Deregulation and the Subprime Crisis
Virginia Law Review
UVA Law Faculty Affiliations
Many popular and academic commentators identify deregulation as a cause of the 2007-08 financial crisis. Some argue that the Gramm-Leach-Bliley Act of 1999 (GLBA) and the Commodity Futures Modernization Act of 2000 (CFMA) removed barriers to risk-taking by commercial and investment banks, while others contend that these statutes limited regulators’ ability to respond to changing market conditions. A more general argument is that stringent regulation of banking from the New Deal to the late 1970s produced a quiet period in which there were no systemic banking crises, but subsequent deregulation led to crisis-prone banking.
This Article examines the deregulation hypothesis in detail and concludes that it is incorrect. GLBA and CFMA did not remove existing restrictions that would have prevented the principal practices implicated in the subprime crisis, but instead codified the status quo. Although the two statutes prevented regulators from banning affiliations between commercial banks and securities firms and curbing over-the-counter derivatives markets, those actions would likely not have prevented the crisis or significantly reduced its severity.

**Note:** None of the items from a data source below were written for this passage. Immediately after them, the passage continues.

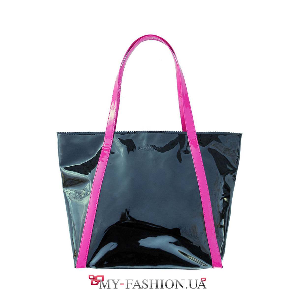 Стильная и вместительная яркая лаковая сумка станет прекрасным дополнением к современному и оригинальному образу. Изделие выполнено из лакового материала, который быстро набирает популярность среди молодёжи. Сумка декорирована розовыми тонкими лентами, которые плавно и эффектно переходят в ручки. Изделие на подкладке, внутри одно отделение и карман для мелочей. Застёгивается на надёжную металлическую молнию. Материал: лак. Подкладка: полиэстер.
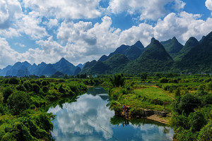 乘坐竹筏游【漓江】(碧岩阁-草坪/草坪-碧岩阁段),漓江两岸群峰连绵,相映成趣,感受“分明看见青山顶,船在青山顶上行”的绝妙景致,让您在这如梦如幻的人间仙境中,体验到“桂林山水甲天下”诗句的由来。与漓江水0距离接触,是真正的游山玩水,漓江竹筏被称之为”水中法拉利“。乘竹筏游览,是体验漓江美景最好玩的游览方式
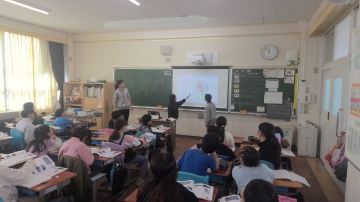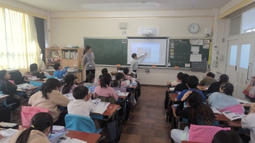 3年生の社会では「四日市市のうつりかわり」について学習していました。のびゆく四日市に載っている写真や地図をもとに、気づいたことや知っていることを発表し合っていました。
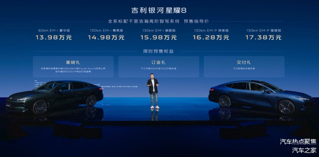 吉利 银河星耀8以13.98万起售价开启预售,满配权益+越级体验,直接对合资燃油车发起降维打击。预售权益壕无人性,音响座椅白送。下订即送价值12800元的23扬Flyme Sound音响+8800元VIP行政座椅,权益总额超2万元。
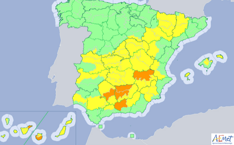 Der advares om betydeligt høje temperaturer i dalene Guadalquivir, Guadiana, Tajo, Ebro, de iberiske bjerge, Murcia, på De Kanariske Øer og i stort set samtlig indre egne i syd.

The Article further argues that the era of stable banking was the result of a benign and predictable macroeconomic environment, not regulation of deposit interest rates. That era ended with the severe inflation and interest rate volatility of the 1970s. Policy makers had either to ease restrictions on the interest rates banks could pay their depositors or force savers to lend to banks at negative real rates of return. Interest rate risk caused both bank failures and bank deregulation.
Paul G. Mahoney, Deregulation and the Subprime Crisis, 104 Virginia Law Review 235-300 (2018).